Is it God's will that people suffer so much? It's hard to believe that he "...looks with approval on such suffering. It seems to me more likely that it has something to do with man's arrogance and error." It's hard to believe that God causes the suffering in our lives. It makes sense though that "...God can come into the evil of this world, and redeem it, and make it an indispensable part of the pattern..." He does not stop all suffering, but he can redeem those who suffer and make their experiences part of the pattern of the universe so that it need not be in vain.
Each action done in this world has a consequence, good or bad depending on the action. Each person will eventually be held responsible for all their works. This is a happy thought when I think of all the injustice done to me and all the innocent people. It is a sobering thought when I think of all the consequences of my actions. Some actions I know have brought joy and happiness as consequences, but all my actions? No. I do believe that I bring more positive than negative into the world, and that does bring me relief.

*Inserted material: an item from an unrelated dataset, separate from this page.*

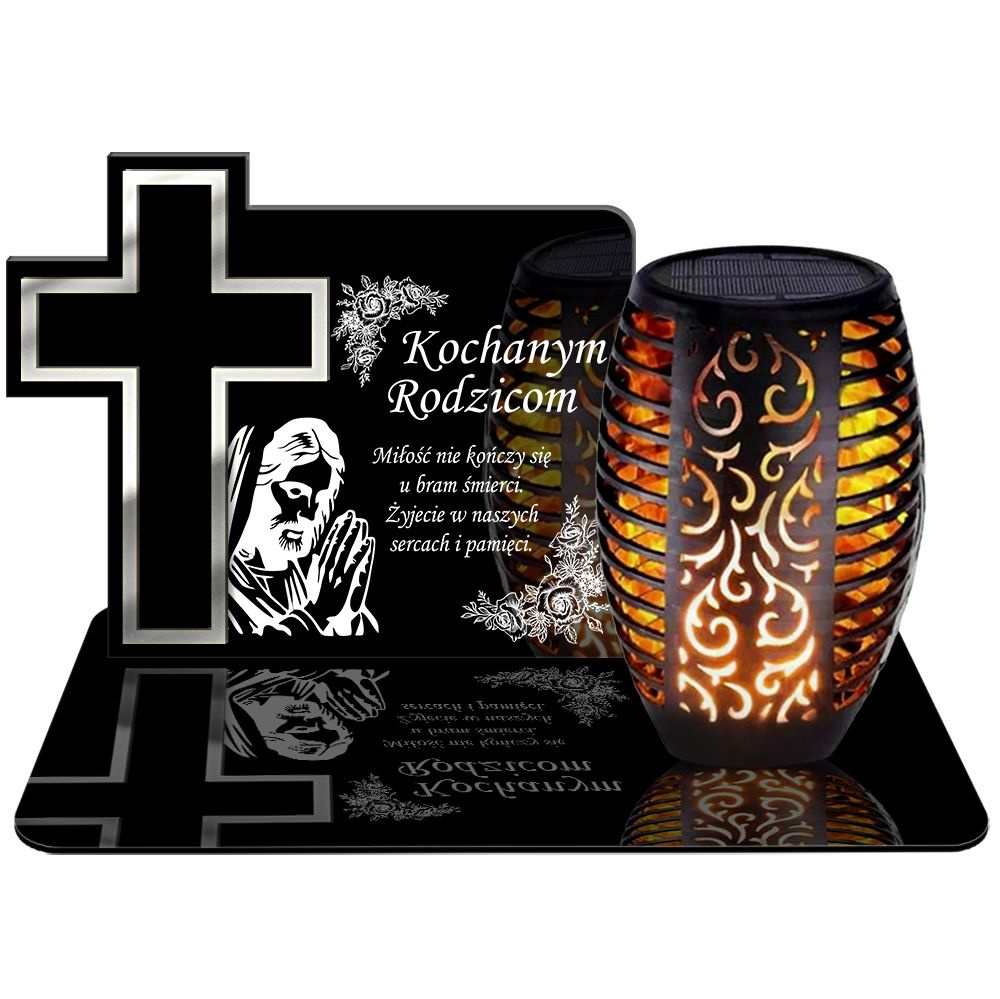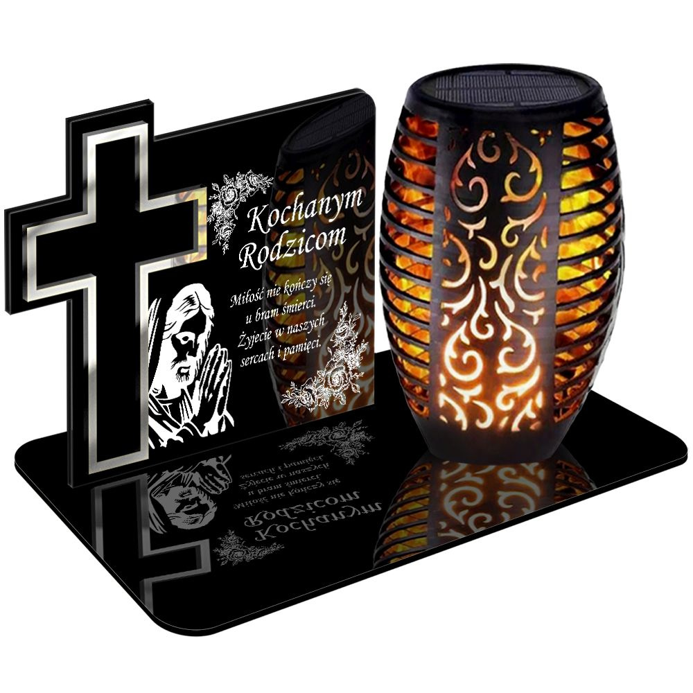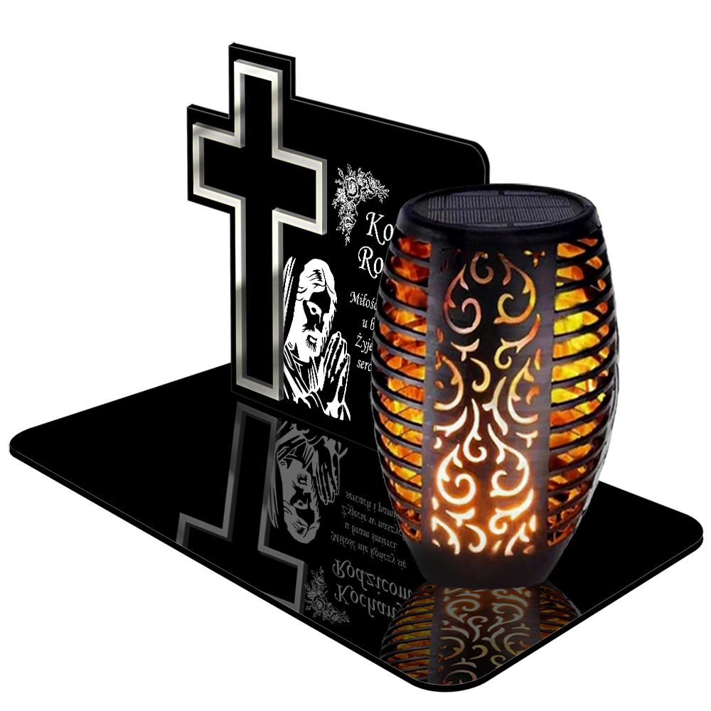 ZNICZ SOLARNY LED WIECZNY PODSTAWKA NA CMENTARZ GRÓB Krzyż EFEKT PŁOMIENIA DLA RODZICÓW

Whatever reason I don't have my firstborn son with me in this world will never make up for not having him alive. People tell me there is a reason and someday I'll know it and understand. I don't want to understand because that will feel like accepting that it was okay to happen, and it was not okay to happen. I would rather have him with our family through the ups and downs, the good and the bad, than to not have him here.
It is a trial that will stay in my family's life forever. I find it hard to believe that God would cause that much sorrow in my life, not matter what lessons I would learn from it. Would God refrain from stopping it happening? Yes, he obviously did, but cause it? No. It reminds me of a line from Shakespeare's Hamlet, "There are more things in heaven and earth, (my friend), Than are dreamt of in your philosophy."
God is there to help us through our trials, not to cause them. "..[B]eing mortal and finite, I do not presume to understand God's will, so I am not certain...." but to me God is a bringer of peace and love not anger and hurt.
In her mermoir, "Two-Part Invention", Madeleine L'Engle writes the following.
At bedtime, in a cold, strange room, I read Evening Prayer. Read the first Psalm for the evening of the fourth day: "My God, my God, why have you forsaken me?"
Exquisitely painful timing. the psalmist's words. Jesus' words. I feel anguished. I feel that I have been kicked in the stomach and the wind knocked out of me. My spirit hurts.
I am grateful that Jesus cried out those words, because it means that I need never fear to cry them out myself. I need never fear, nor feel any sense of guilt, during the inevitable moments of forsakenness. They come to us all. They are part of the soul's growth.
Those words have brought me much comfort in times of need. I do feel that God forsook me by not saving my baby. But I know that I am not alone in that feeling. Jesus, a perfect man, felt the same way. I am not alone in being forsaken nor in feeling the pain of it. Why should I have a better life than a perfect man?
On a different topic, but from the same passage, "I haven't noticed many signs of enlightenment." We live in supposedly enlightened times, and many people claim to be enlightened, but I see more confusion and mistaken thoughts. The truth of the world is inside you, and you are the only one who can judge the truth for yourself. When you yearn for the truth, it can be found deep inside and upwards.